Télérama · 14 octobre 2009 · SEXTETT

Télérama · 14 octobre 2009 · SEXTETT
Le plaisir vient de la performance d'acteur parvient à faire oublier une certaine faiblesse du texte.
Presse nationale
Critique
Emmanuelle Bouchez
14 Oct 2009
Télérama
Langue: Français
Tous droits réservés

Télérama

14 oct 2009 · EMMANUELLE BOUCHEZ

Shaker à fantasmes

L'éducation érotico-sentimentale d'un jeune homme d'aujourd'hui. Une pièce félinienne où Micha Lescot rayonne.

Même effet panoramique en fond de scène : un ruban de tapisserie au look très 70's prolongé de deux immenses baies vitrées. Même personnage saisi quelques années après : Simon, garçon pressé mais toujours prompt à faire des phrases sur ses émotions. Même comédien trentenaire, Micha Lescot. Et mêmes auteur et metteur en scène complices : Rémi De Vos et Éric Vigner, à nouveau ensemble pour cette création, trois ans après un premier épisode Jusqu'à ce que la mort nous sépare...

En se lançant aujourd'hui dans Sextett, Lescot, De Vos et Vigner auraient-ils donc inventé un genre : le feuilleton théâtral ?
Soit un projet suivi où s'écrirait, d'une pièce l'autre, dans le même décor, l'histoire de l'éducation psycho-érotico-sentimentale d'un garçon d'aujourd'hui ? Oui.
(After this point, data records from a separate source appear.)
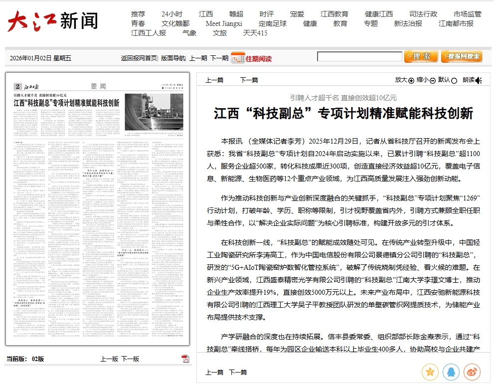 本报讯 (全媒体记者李芳)2025年12月29日,记者从省科技厅召开的新闻发布会上获悉:我省“科技副总”专项计划自2024年启动实施以来,已累计引聘“科技副总”超1100人,服务企业超500家,转化科技成果近300项,创造直接经济效益超10亿元,覆盖电子信息、新能源、生物医药等12个重点产业领域,为江西高质量发展注入强劲创新动能。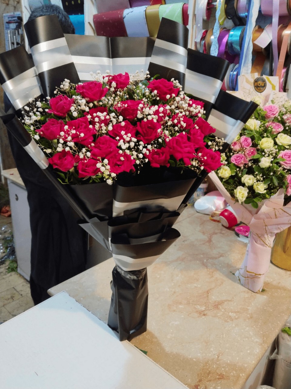 Yeh bouquet un logon ke liye ideal hai jo Bold Colors, Modern Presentation aur Luxury pasand karte hain. Ismein Dozens of Vibrant Fuchsia Roses (jo Intense Love, Joy aur Gratitude ko signify karte hain) ka istemaal hua hai. Flowers ko ghane Baby’s Breath ne surround kiya hua hai, jo inke bold colour ko balance karta hai. Bouquet ki Wrapping bohot hi classy aur dramatic hai: Matte Black Paper jispar White Horizontal Stripes hain, jo isko ek High-End aur Graphic Appeal deta hai. Neeche Black aur White Ribbon bandha hua hai. Yeh bouquet Anniversary, Valentine’s Day, Ya Apne Trendy Partner ki Birthday par dene ke liye ek behtareen aur yaadgar choice hai.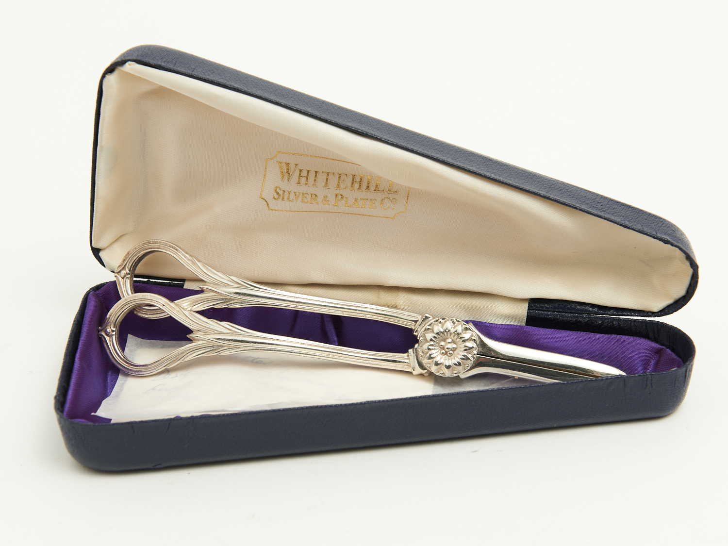 A PAIR OF WHITEHILL SILVER PLATE GRAPE SCISSORS IN CASE L.16CM, LEONARD JOEL DELIVERY SIZE: SMALL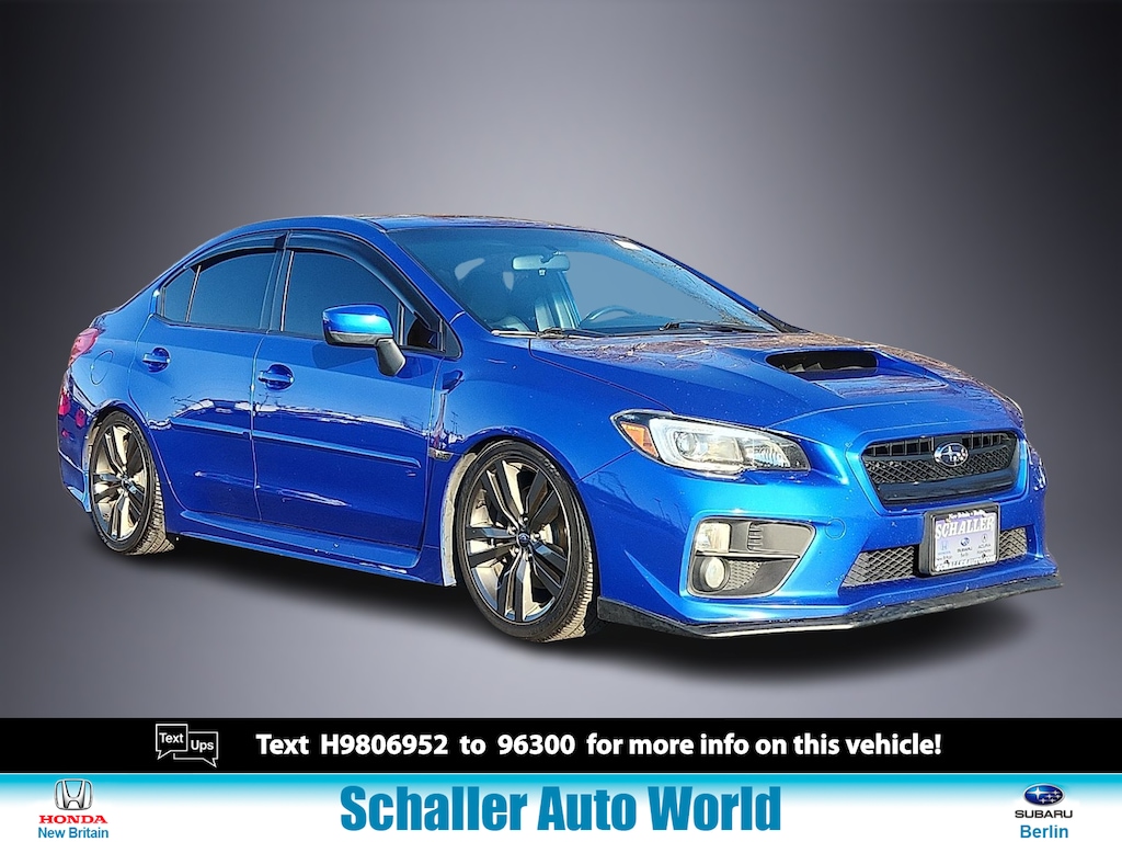 "WR Blue Pearl 2017 Subaru WRX Limited 2.0L DOHC Intercooled Turbocharged 6-Speed Manual AWD4-Wheel Disc Brakes 6 Speakers ABS brakes Air Conditioning AM/FM radio: SiriusXM Automatic temperature control Brake assist Bumpers: body-color CD player Delay-off headlights Driver door bin Driver vanity mirror Dual front impact airbags Dual front side impact airbags Electronic Stability Control Exterior Parking Camera Rear Four wheel independent suspension Front anti-roll bar Front Bucket Seats Front Center Armrest Front fog lights Front reading lights Fully automatic headlights Heated door mirrors Heated front seats Illuminated entry Knee airbag Leather Shift Knob Leather steering wheel Limited Model Low tire pressure warning Occupant sensing airbag Outside temperature display Overhead airbag Overhead console Panic alarm Passenger door bin Passenger vanity mirror Perforated Leather-Trimmed Upholstery Performance Design Heated Front Bucket Seats Power door mirrors Power driver seat Power moonroof Power steering Power windows Radio data system Radio: Subaru Starlink 7.0""Multimedia Plus System Rear anti-roll bar Rear window defroster Remote keyless entry Security system Speed control Split folding rear seat Spoiler Sport steering wheel Steering wheel mounted audio controls Tachometer Telescoping steering wheel Tilt steering wheel Traction control Trip computer Variably intermittent wipers Wheels: 18""x 8.5J Aluminum Alloy w/Gray Finish. Priced below KBB Fair Purchase Price! 20/27 City/Highway MPGAwards: * ALG Residual Value Awards Residual Value Awards * 2017 IIHS Top Safety Pick * 2017 KBB.com Best Resale Value Awards * 2017 KBB.com Brand Image Awards * 2017 KBB.com 10 Most Awarded Brands * 2017 KBB.com 5-Year Cost to Own AwardsSchaller Auto Group has TWO Used Car Locations: Right off Route 9 in New Britain and Route 9 and the Berlin Turnpike in Berlin. Please call 860-826-2023 to confirm this Vehicle's Location. All of our Pre-Owned Vehicles go through our Comprehensive 125 Point Quality Inspection. Every Schaller pre-owned vehicle comes with warranty coverage! With all budgets in mind we now offer Schaller âValue Carsâ starting at $2995 and include a 30 day satisfaction guarantee and all come with a FREE Carfax Vehicle History Report. The Schaller Auto Group is Family Owned and Operated for Over 65 Years and is known for Selling Top Quality Used Vehicles and Standing behind them After the Sale!"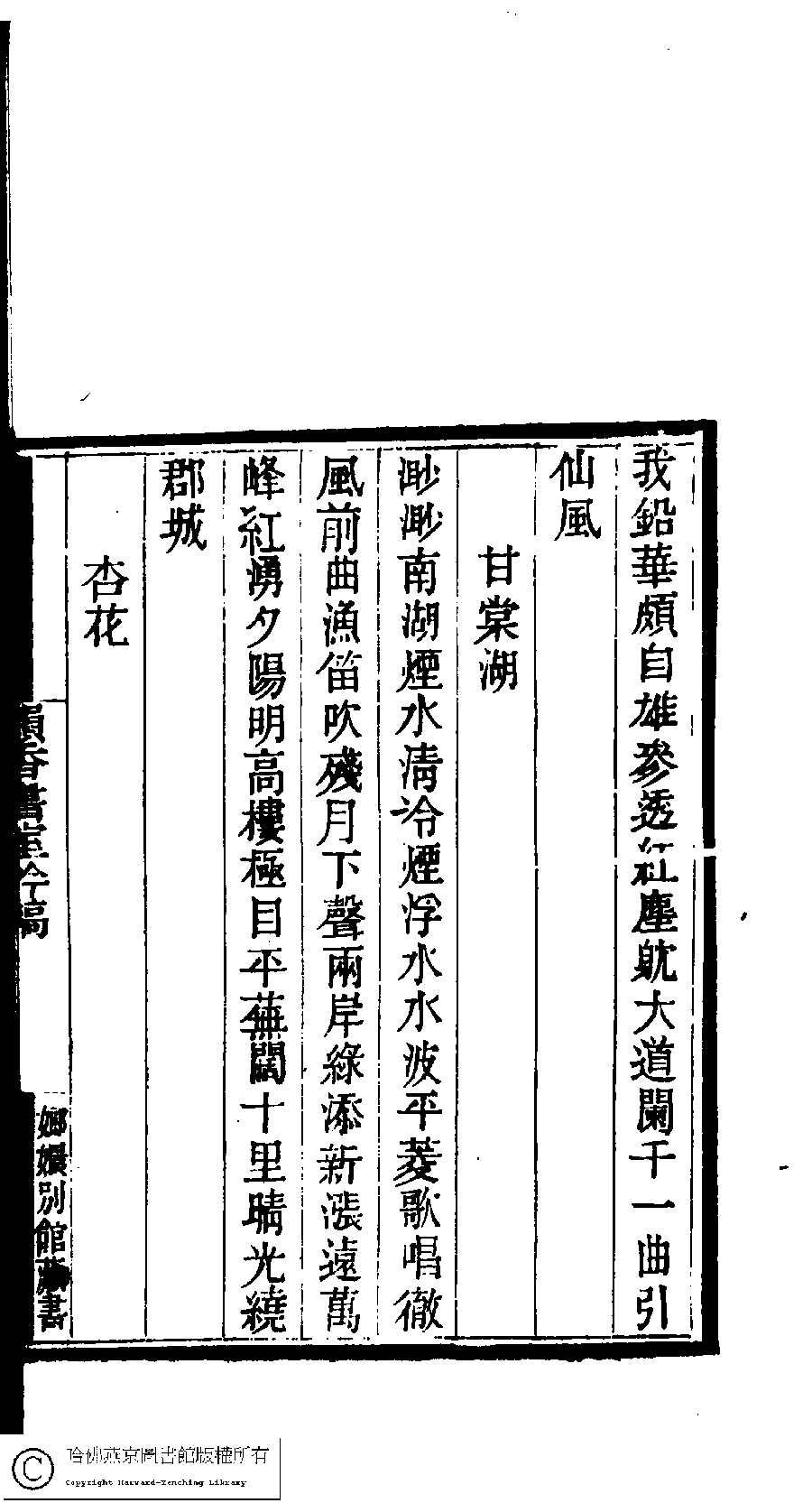 | 甘棠湖 Gantang Hu 詩 - 七言律詩 shi - qiyanlüshi 萬夢丹﹐號品菊﹐字篆卿 Wan Mengdan, hao: Pinju, zi: Zhuanqing 國朝閨閣詩鈔﹕一百種一百卷(清蔡殿齊輯) 韻香書室吟稿﹕一卷 Guo chao gui ge shi chao: 100 zhong 100 juan (edited by Cai Dianqi, Qing dynasty) Yun xiang shu shi yin gao: 1 juan, pp. 10.73a. |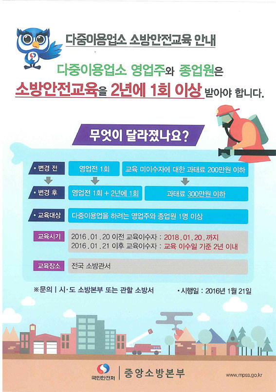 ¾Æ»ê¼Ò¹æ¼(¼Àå ÀÌÁ¾ÇÏ)´Â ¡®´ÙÁßÀÌ¿ë¾÷¼Ò ¾ÈÀü°ü¸®¿¡ °üÇÑ Æ¯º°¹ý¡¯ °³Á¤À¸·Î ´ÙÁßÀÌ¿ë¾÷¼Ò ¿µ¾÷ÁÖ¿Í Á¾¾÷¿ø¿¡ ´ëÇÑ ¼Ò¹æ¾ÈÀü±³À°(º¸¼ö±³À°)ÀÌ Ãß°¡µÊ¿¡ µû¶ó ´ÙÁßÀÌ¿ë¾÷¼Ò °ü°èÀÚ°¡ °¡Áú ¼ö Àִ ȥ¶õÀ» ¹Ì¿¬¿¡ ¹æÁöÇϰíÀÚ °³Á¤¹ý·É ¾È³»¡¤È«º¸¿¡ ÇÑâÀÌ´Ù.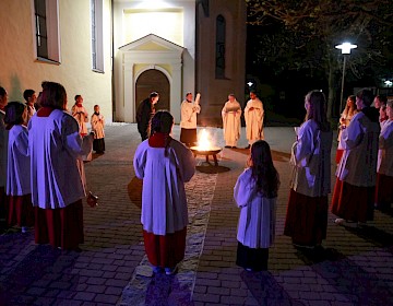 Am frühen Nachmittag des Heiligabends fand in der festlich geschmückten Pfarrkirche St. Peter und Paul das Krippenspiel „Auf zum Stall“ statt. Mit der Szene, die einen Fokus auf die Hirten, gespielt von Martha Brückl und Verena und Johannes Ewender legte, boten die Ministranten der Pfarrei Ergoldsbach einen kleinen Einblick, was sich damals in der Heiligen Nacht zugetragen hatte.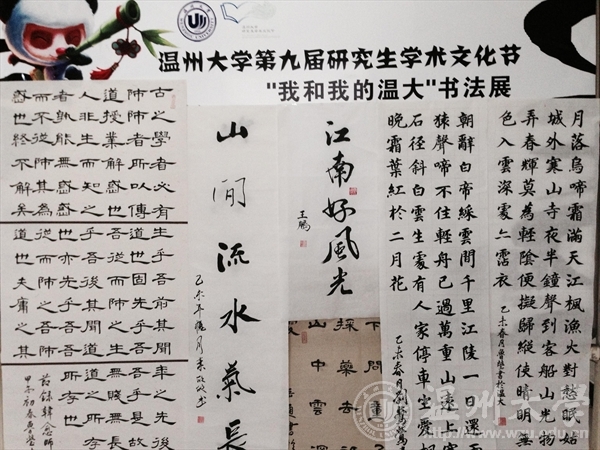 2015年4月至6月,beat365亚洲体育在线官网研究生组织了首届面向全校研究生的“我和我的温大”书法展作品征集活动。在历经近两个月的宣传、收集、整理、评选之后,最终评出的获奖作品于6月10日晚在beat365亚洲体育在线官网研究生第九届学术文化节闭幕式上进行展出,并进行现场颁奖。
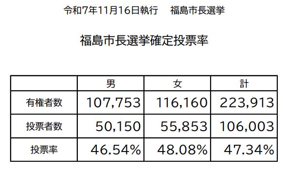- 福島市長選挙 確定投票率(ラジオ福島)- 2025.11.17(月) 07:06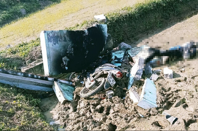 Khi đến khu vực cổng chào của làng, chiếc xe máy lao thẳng vào mảng tường bằng bê tông của cổng chào. Cú va đập mạnh khiến xe máy lao xuống ruộng, bị mảng tường bê tông vỡ đè lên.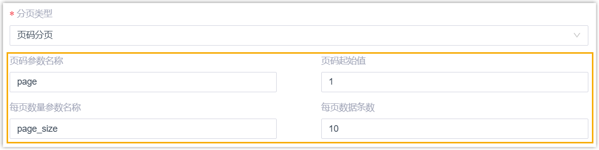 - 每页数量参数名称:填写接口请求中用于指定每页记录数量的参数名称。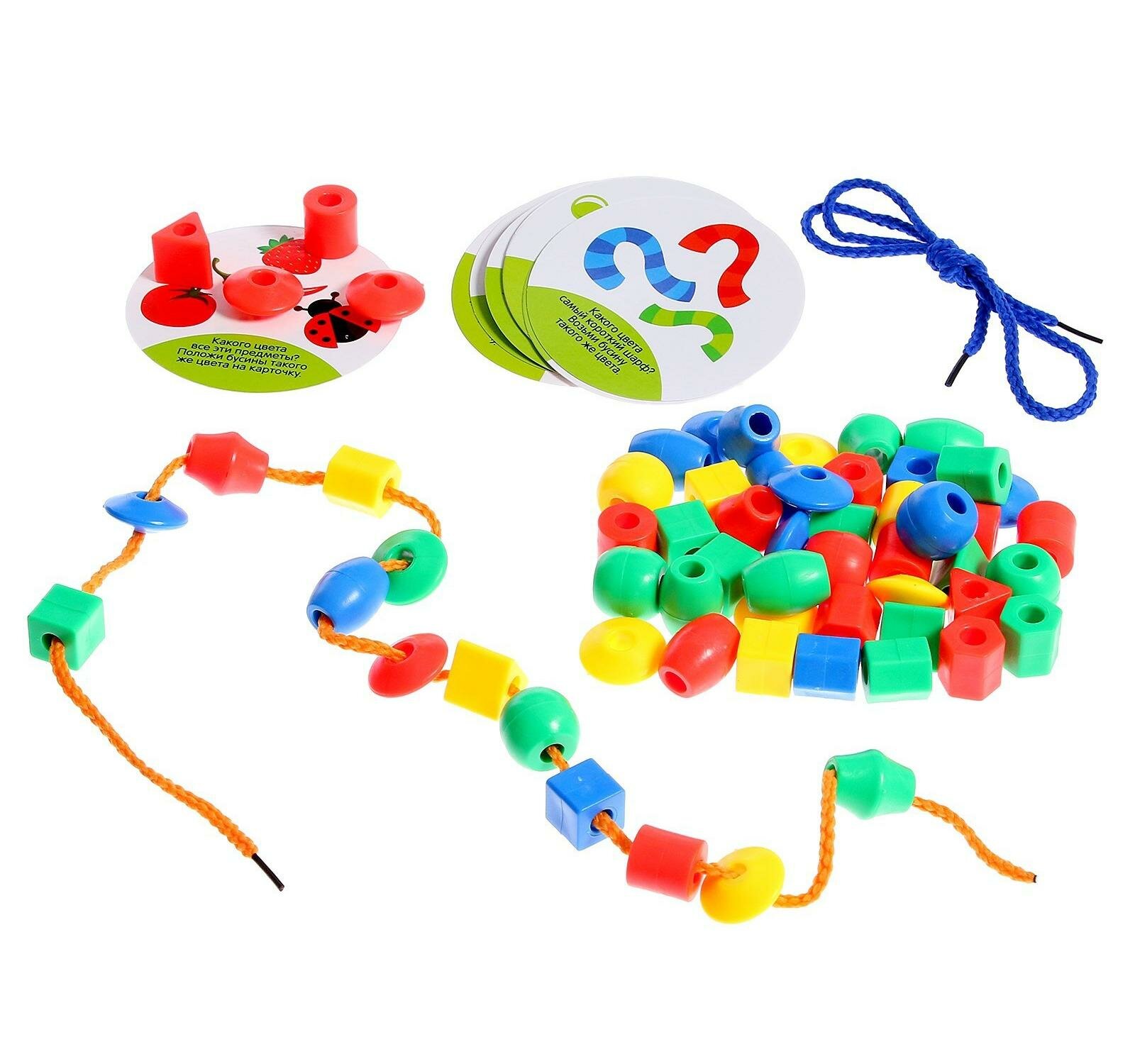 Купить Шнуровка с карточками ZABIAKA 60 шт., 16 развивающих заданий, по методике Монтессори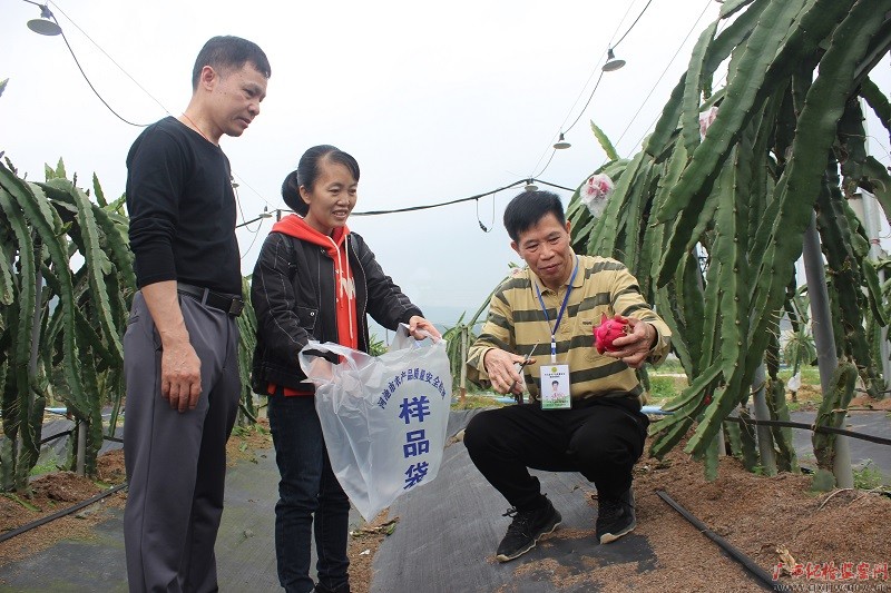 巴马瑶族自治县纪委监委派驻县农业农村局纪检监察组与县农业农村局农产品质量安全抽样检测工作人员深入县燕洞镇火龙果种植基地,对水果样品的检验与检测进行监督,确保群众果篮子”安全。(巴马县纪委监委黄肖桦)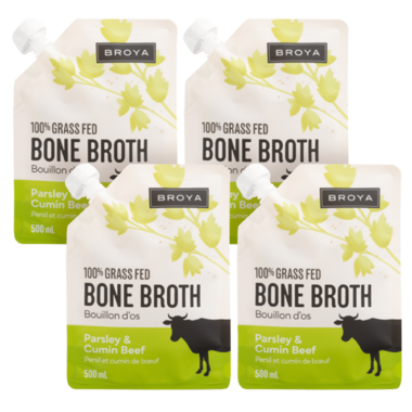 - 4x Broya Bone Broth Parsley & Cumin Beef, 500mL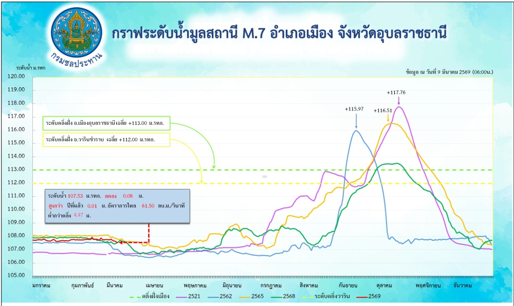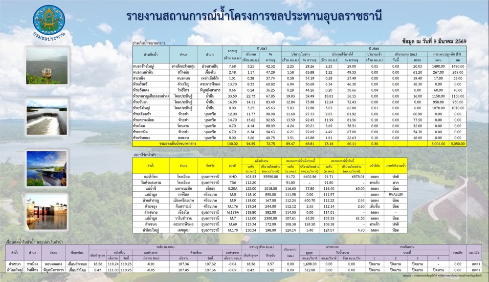 สรุปรายงานสถานการณ์น้ำในเขตจังหวัดอุบลราชธานี วันที่ 9 มีนาคม 2569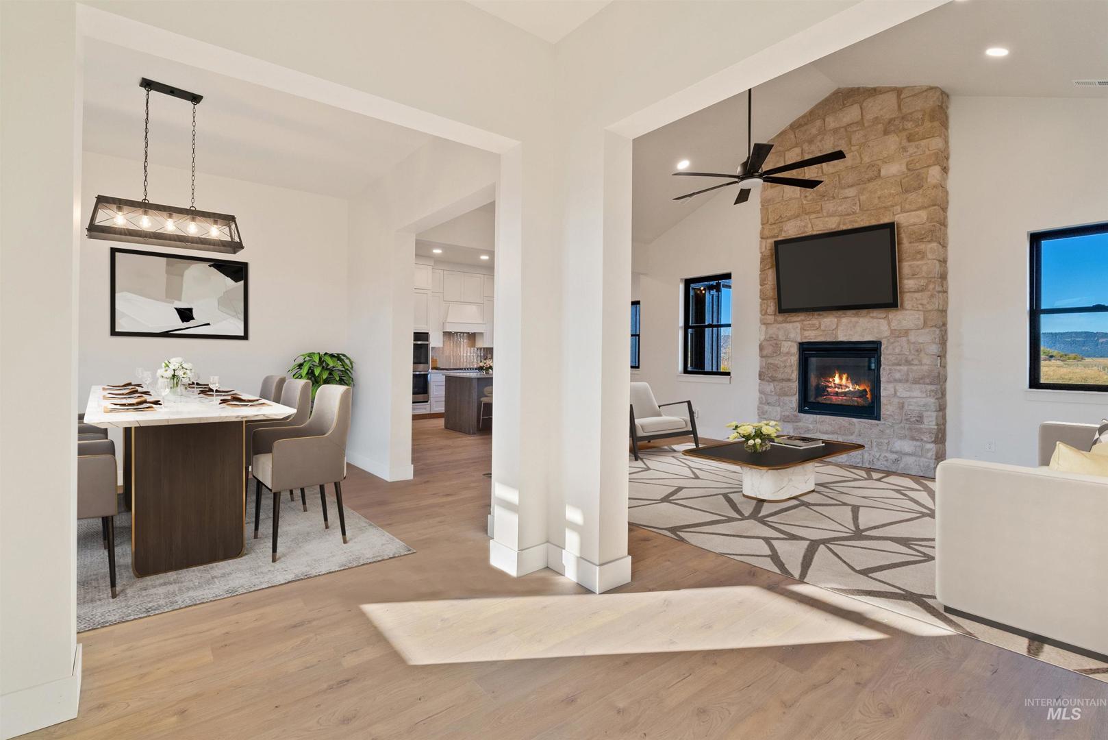 The Big Sky at Lake Fork Landing features a split bedroom floor plan, great room with vaulted ceilings, stone fireplace, and covered patios. Bright open kitchen with island and breakfast nook. Separate dining room and office/bedroom, as well as bonus room/5th bedroom with bathroom above garage. Enjoy views of Jug Mountain from the bonus room balcony. Minutes away from McCall, Tamarack, and Jug Mountain Ranch!

Avec un art précis de la fantaisie...

Le premier opus colorait d'une folie à la Feydeau une situation tragique : Simon, revenu chez sa mère le jour de l'enterrement de sa grand-mère, y jouait avec les débris de l'urne funéraire comme avec une patate chaude. Cette fois, c'est sa mère elle-même que Simon est venu enterrer. Et sa maison d'enfance, espace troué par l'absence, il la peuple peu à peu d'autres images...

Cinq créatures féminines dont les apparitions alternées (souvent musicales, entre Lieder de Schubert et Bossa-nova revisités) fondent sur lui pour un Sextett enlevé. Simon - Micha Lescot, la silhouette haut perchée dans son costume noir cintré, dansant avec ses chaussures vernies plus qu'il ne marche - résiste, non sans flancher avec volupté, à la pression. Lors de joutes étranges avec deux voisines chanteuses, avatars enfantins des comédies musicales (dont Maria de Medeiros, revenue à la scène, qui chante joliment a cappella), ou dans des course poursuites avec un travelo "collagéné" monté sur cothurnes, qui lui susurre le verbe "baiser" sur tous les tons... Le masculin et le féminin sont souvent mélangés dans cette pièce, shaker à fantasmes comme Fellini a pu l'oser au cinéma. Simon, héros finalement terrassé, provoque le rire. Mais, plus encore, le plaisir vient de la performance d'acteur. Dans une mise en scène calée pour lui et d'après lui, modulée sur le tempo de sa voix, Micha Lescot distille la moindre réplique avec distance et l'enracine dans la veine de l'absurde (Ionesco ou encore Dubillard... qu'a montés Éric Vigner à ses débuts). Il parvient même à faire oublier une certaine faiblesse du texte, à la fin, quand celui-ci s'applique à dénouer la situation plutôt qu'à continuer de jouer sur les mots.